● WORK TASK: Your answer should be the records again, unchanged in wording and free of images.

═══ RECORDS SUPPLIED ═══

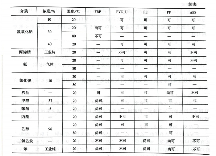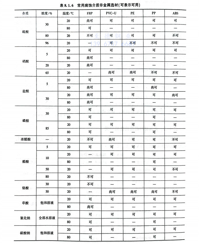 常用腐蝕介質非金屬選材(cai)見表8.1.6。
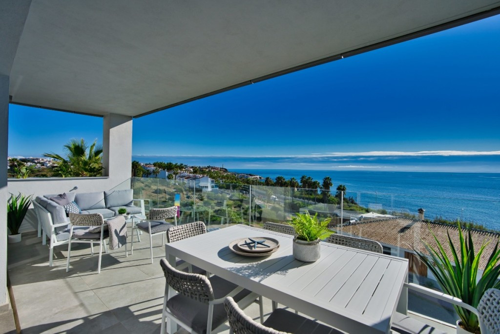 Located only a few hundred meters from the Mediterranean Sea in Mijas Costa. These modern and spacious apartments and penthouses are located in a quiet and beautifully maintained urbanization, yet close to all amenities. From the living room you have access via sliding doors to the very large terrace facing south with panoramic views over the communal gardens, the pool, mountains and the sea. The main bedroom with fitted wardrobes has an ensuite bathroom with bath and separate shower. The complex is gated and has 24 hour security. There is a private garage space in the underground garage with lifts to all levels
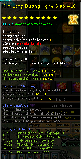 Rương Trang Bị Long Hồn Giá: 50 Kim Nguyên Bảo Đại Mở rương cần 1 món trang bị Kim Long tương ứng |
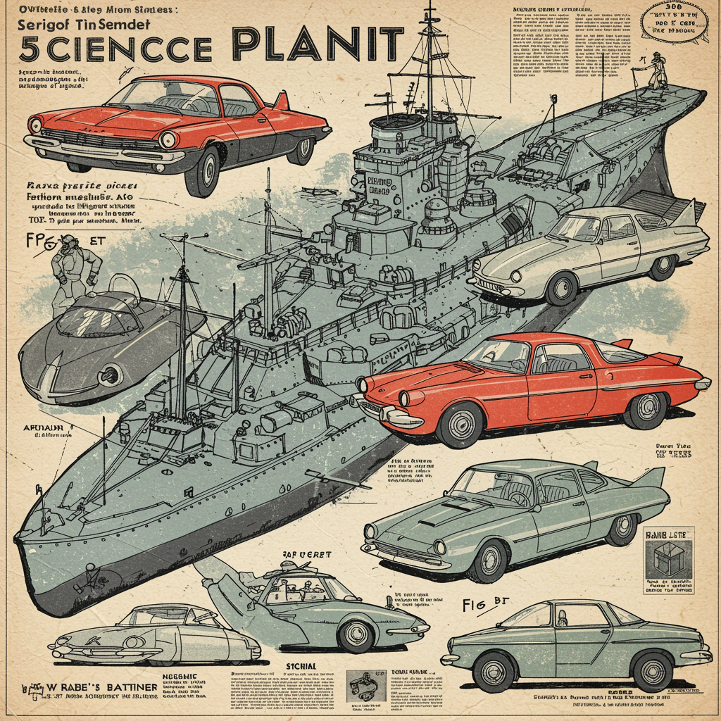 PlanIt, intricately detailed infographic of retrofuturism cars featured in vintage science and design magazines | 1960s nostalgia | elaborate craftsmanship | digital art | concept painting | poster design | prize-winning | ultra detail, hdr quality, scientific and technical illustration, imaginative render, architectural blueprints, schematic drawing, patent-style diagram, symmetrical artistry, nautical battleship influence.
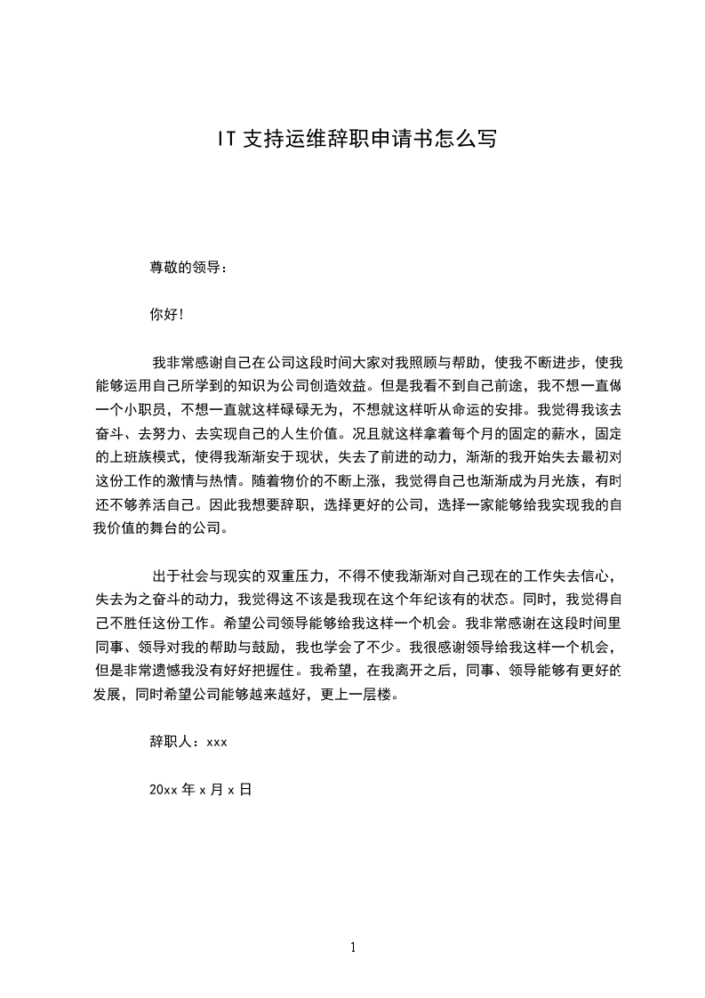 辞职人:xxx
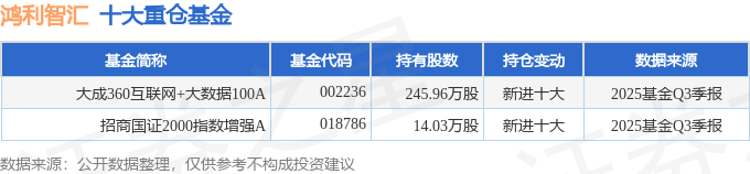持有鸿利智汇最多的基金为大成360互联网+大数据100A,目前规模为7.88亿元,最新净值3.2616(10月27日),较上一交易日上涨0.34%,近一年上涨47.2%。该基金现任基金经理为夏高。
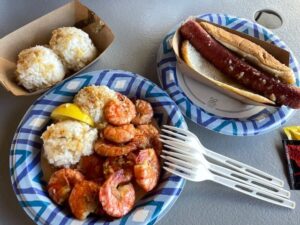 そして、ようやくそのお店に到着しました。名前は「ジョバンニアロハシュリンプ」というトラックのお店です。そしてそのお店に行くと行列ができていて、やはり人気店なんだろうと思いました。私はガーリックシュリンプ、追加のご飯、ホットドッグを注文ました。ホットドッグを頼んだ時に、Rice or Bun(バンズ)?と質問され、ホットドッグにご飯なんかあるのだと思いました。私はバンズを注文しましたが、海外ではお米のホットドッグも人気なのかなと思いました。

═══

● TASK RESULT:
 常用腐蝕介質非金屬選材(cai)見表8.1.6。
 Located only a few hundred meters from the Mediterranean Sea in Mijas Costa. These modern and spacious apartments and penthouses are located in a quiet and beautifully maintained urbanization, yet close to all amenities. From the living room you have access via sliding doors to the very large terrace facing south with panoramic views over the communal gardens, the pool, mountains and the sea. The main bedroom with fitted wardrobes has an ensuite bathroom with bath and separate shower. The complex is gated and has 24 hour security. There is a private garage space in the underground garage with lifts to all levels
 Rương Trang Bị Long Hồn Giá: 50 Kim Nguyên Bảo Đại Mở rương cần 1 món trang bị Kim Long tương ứng |
 PlanIt, intricately detailed infographic of retrofuturism cars featured in vintage science and design magazines | 1960s nostalgia | elaborate craftsmanship | digital art | concept painting | poster design | prize-winning | ultra detail, hdr quality, scientific and technical illustration, imaginative render, architectural blueprints, schematic drawing, patent-style diagram, symmetrical artistry, nautical battleship influence.
 辞职人:xxx
持有鸿利智汇最多的基金为大成360互联网+大数据100A,目前规模为7.88亿元,最新净值3.2616(10月27日),较上一交易日上涨0.34%,近一年上涨47.2%。该基金现任基金经理为夏高。
 そして、ようやくそのお店に到着しました。名前は「ジョバンニアロハシュリンプ」というトラックのお店です。そしてそのお店に行くと行列ができていて、やはり人気店なんだろうと思いました。私はガーリックシュリンプ、追加のご飯、ホットドッグを注文ました。ホットドッグを頼んだ時に、Rice or Bun(バンズ)?と質問され、ホットドッグにご飯なんかあるのだと思いました。私はバンズを注文しましたが、海外ではお米のホットドッグも人気なのかなと思いました。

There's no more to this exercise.